### Prompt
Find the lines below that contain the word "przeżył" and count them. Only the number should be given.

START Supplied data

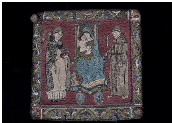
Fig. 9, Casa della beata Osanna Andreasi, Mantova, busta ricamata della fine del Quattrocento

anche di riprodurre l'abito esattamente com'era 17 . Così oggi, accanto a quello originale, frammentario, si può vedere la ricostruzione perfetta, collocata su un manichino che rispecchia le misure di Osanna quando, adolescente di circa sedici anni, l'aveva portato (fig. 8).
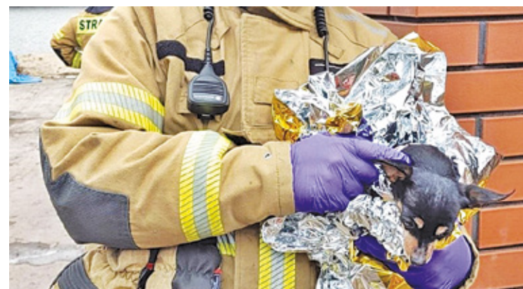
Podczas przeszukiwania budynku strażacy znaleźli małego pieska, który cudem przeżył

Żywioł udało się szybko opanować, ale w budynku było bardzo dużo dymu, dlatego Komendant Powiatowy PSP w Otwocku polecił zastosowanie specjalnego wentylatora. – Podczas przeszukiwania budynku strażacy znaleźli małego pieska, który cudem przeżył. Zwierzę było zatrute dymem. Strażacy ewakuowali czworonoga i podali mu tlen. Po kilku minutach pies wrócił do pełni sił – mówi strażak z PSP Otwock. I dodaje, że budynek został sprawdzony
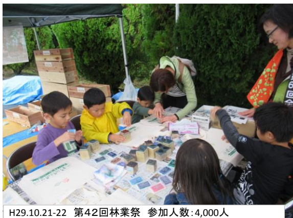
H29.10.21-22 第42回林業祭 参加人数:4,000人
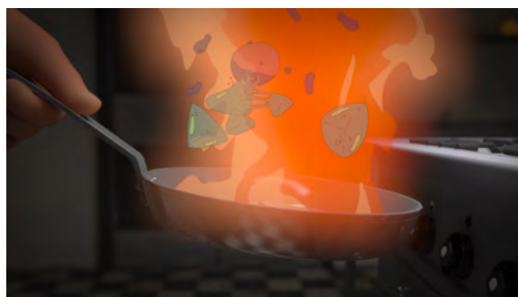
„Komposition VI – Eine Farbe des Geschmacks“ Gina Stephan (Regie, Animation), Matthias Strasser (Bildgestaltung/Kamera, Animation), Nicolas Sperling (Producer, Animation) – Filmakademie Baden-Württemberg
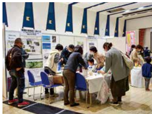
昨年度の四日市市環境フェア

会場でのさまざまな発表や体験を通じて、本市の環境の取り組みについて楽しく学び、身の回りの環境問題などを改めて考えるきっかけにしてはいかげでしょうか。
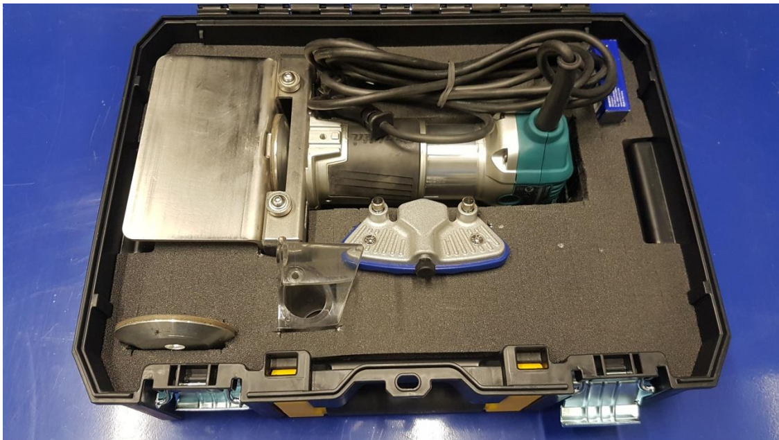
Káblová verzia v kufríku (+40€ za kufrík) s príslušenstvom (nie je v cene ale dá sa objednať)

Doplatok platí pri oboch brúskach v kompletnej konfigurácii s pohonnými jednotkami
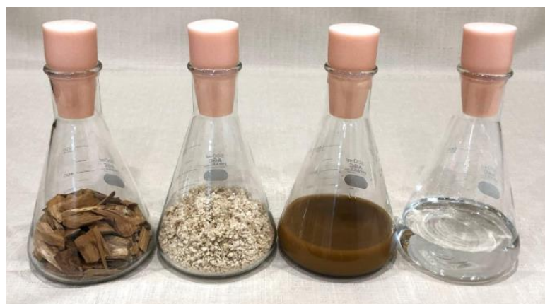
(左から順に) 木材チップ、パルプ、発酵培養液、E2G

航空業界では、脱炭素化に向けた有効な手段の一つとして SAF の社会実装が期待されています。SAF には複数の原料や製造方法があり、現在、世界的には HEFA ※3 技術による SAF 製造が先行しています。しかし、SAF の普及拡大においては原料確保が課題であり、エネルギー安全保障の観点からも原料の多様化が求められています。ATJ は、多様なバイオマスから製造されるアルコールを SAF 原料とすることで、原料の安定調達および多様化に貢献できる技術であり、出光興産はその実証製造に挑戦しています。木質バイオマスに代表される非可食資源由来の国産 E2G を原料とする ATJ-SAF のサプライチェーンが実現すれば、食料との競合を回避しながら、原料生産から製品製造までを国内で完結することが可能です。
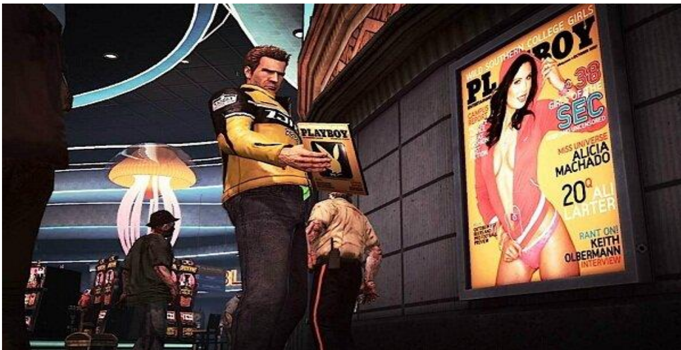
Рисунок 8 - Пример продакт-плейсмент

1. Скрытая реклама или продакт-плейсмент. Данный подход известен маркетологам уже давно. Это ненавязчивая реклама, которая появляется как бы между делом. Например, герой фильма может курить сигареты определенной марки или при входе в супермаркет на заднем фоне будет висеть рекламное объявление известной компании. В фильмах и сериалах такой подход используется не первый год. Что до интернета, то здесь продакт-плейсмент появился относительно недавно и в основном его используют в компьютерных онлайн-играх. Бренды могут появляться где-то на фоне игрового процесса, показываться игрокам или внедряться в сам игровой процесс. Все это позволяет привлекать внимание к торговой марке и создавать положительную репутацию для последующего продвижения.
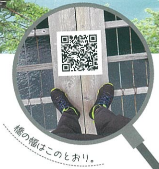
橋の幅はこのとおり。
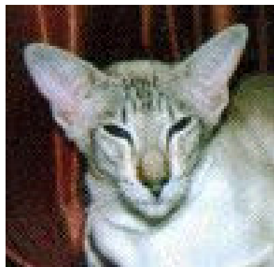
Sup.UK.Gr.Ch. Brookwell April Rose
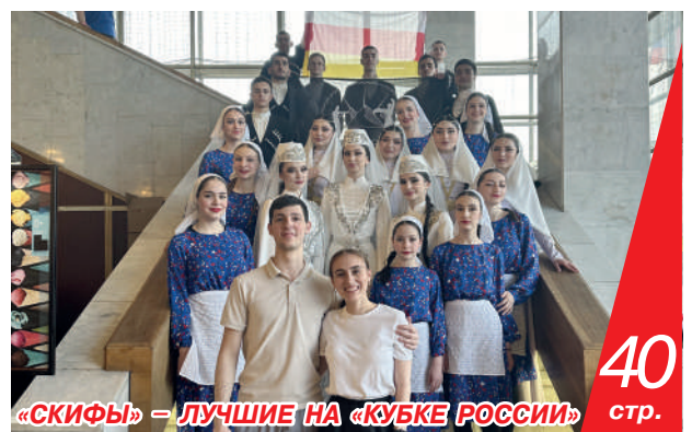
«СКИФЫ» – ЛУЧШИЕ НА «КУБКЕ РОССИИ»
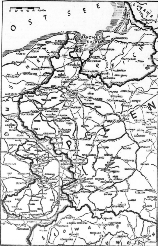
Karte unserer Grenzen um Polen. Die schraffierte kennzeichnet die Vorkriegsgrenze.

END Supplied data
START Supplied data

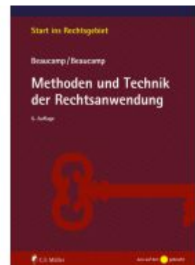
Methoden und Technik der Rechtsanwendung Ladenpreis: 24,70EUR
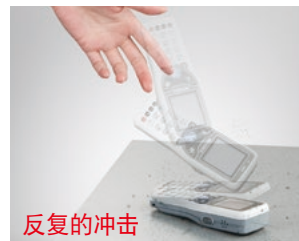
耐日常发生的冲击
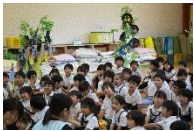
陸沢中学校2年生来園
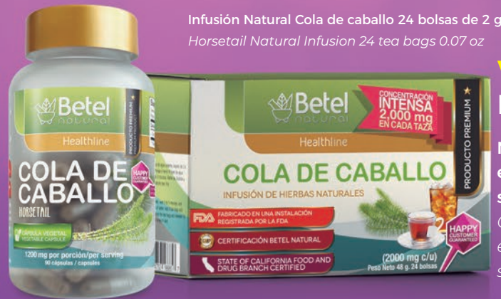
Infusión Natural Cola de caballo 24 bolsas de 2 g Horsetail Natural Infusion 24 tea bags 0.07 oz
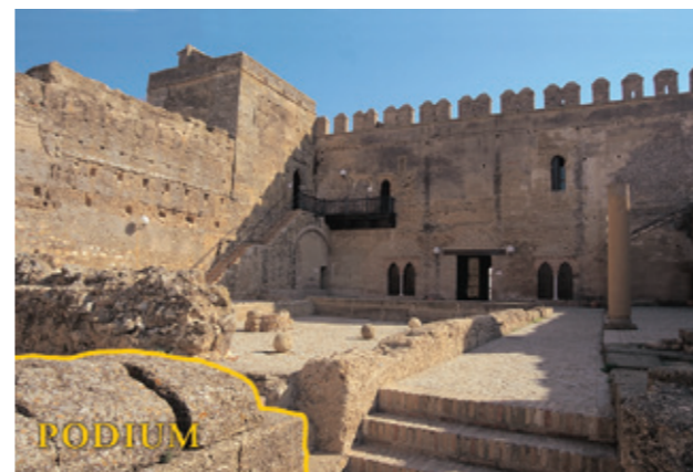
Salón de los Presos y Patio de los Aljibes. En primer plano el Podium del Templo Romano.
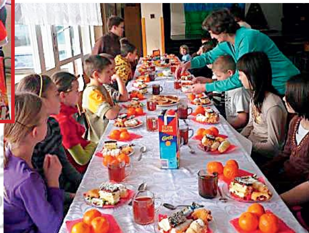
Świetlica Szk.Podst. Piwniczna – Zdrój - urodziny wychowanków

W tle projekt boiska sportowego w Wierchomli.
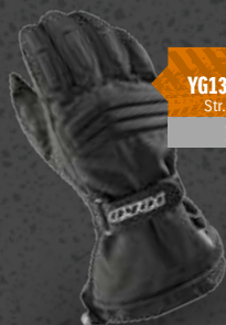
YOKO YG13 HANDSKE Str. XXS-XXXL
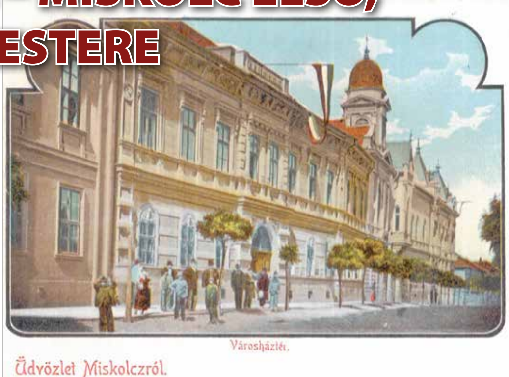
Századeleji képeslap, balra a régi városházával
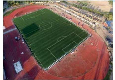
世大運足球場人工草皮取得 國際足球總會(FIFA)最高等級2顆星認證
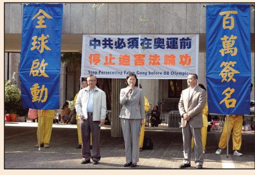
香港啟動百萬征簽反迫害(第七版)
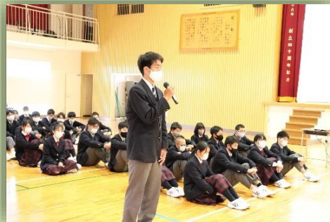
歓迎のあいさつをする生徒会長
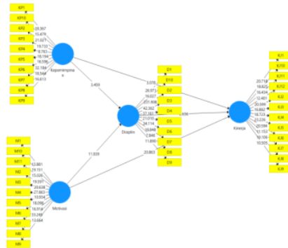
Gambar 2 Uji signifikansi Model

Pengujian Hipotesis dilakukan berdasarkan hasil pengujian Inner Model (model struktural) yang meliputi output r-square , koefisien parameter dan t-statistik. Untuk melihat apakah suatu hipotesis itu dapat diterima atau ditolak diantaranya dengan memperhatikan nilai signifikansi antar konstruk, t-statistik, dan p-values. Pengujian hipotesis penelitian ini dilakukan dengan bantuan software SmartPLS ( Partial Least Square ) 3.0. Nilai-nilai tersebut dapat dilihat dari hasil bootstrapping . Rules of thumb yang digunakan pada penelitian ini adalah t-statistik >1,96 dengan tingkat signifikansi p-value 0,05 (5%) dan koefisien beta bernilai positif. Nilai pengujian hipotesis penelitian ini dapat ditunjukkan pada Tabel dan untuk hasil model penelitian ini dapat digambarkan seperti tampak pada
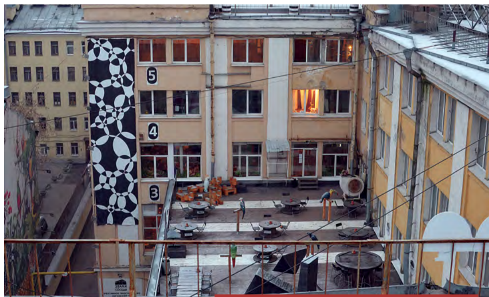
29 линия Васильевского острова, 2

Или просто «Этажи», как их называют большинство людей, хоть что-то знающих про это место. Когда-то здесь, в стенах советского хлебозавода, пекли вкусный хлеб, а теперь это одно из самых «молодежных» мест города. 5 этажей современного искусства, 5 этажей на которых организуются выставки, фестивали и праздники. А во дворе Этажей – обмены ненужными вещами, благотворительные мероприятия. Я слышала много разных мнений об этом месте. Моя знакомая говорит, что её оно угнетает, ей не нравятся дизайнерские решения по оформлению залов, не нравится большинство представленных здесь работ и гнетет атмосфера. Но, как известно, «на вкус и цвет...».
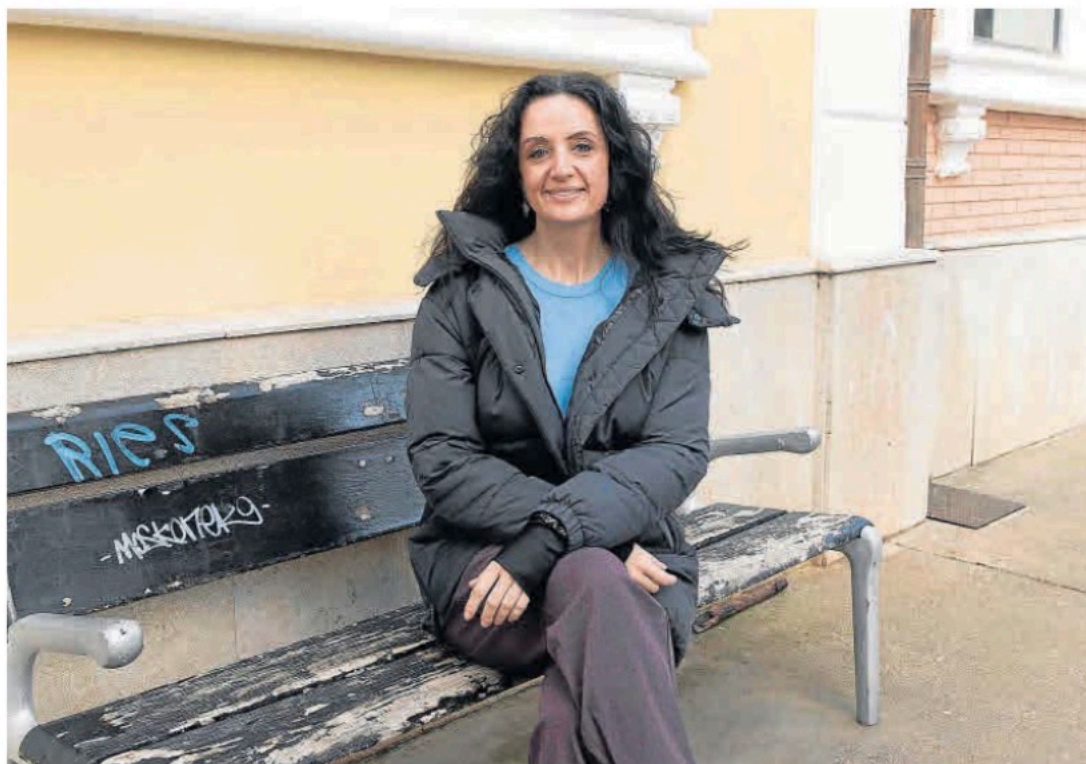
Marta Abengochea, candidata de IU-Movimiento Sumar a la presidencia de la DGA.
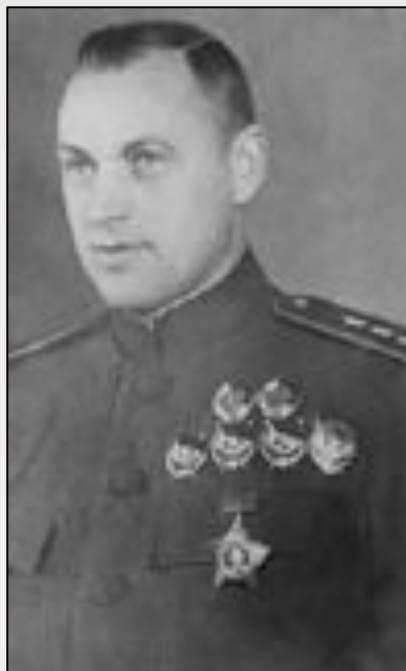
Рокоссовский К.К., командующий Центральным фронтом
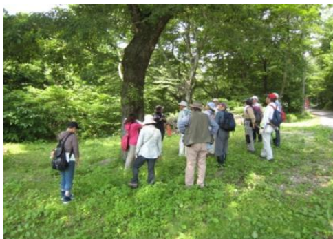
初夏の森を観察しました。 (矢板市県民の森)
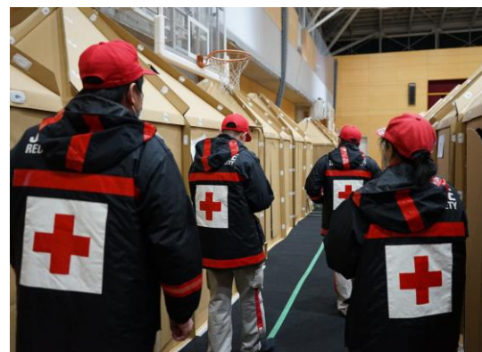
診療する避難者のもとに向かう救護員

END Supplied data

### Finished task
2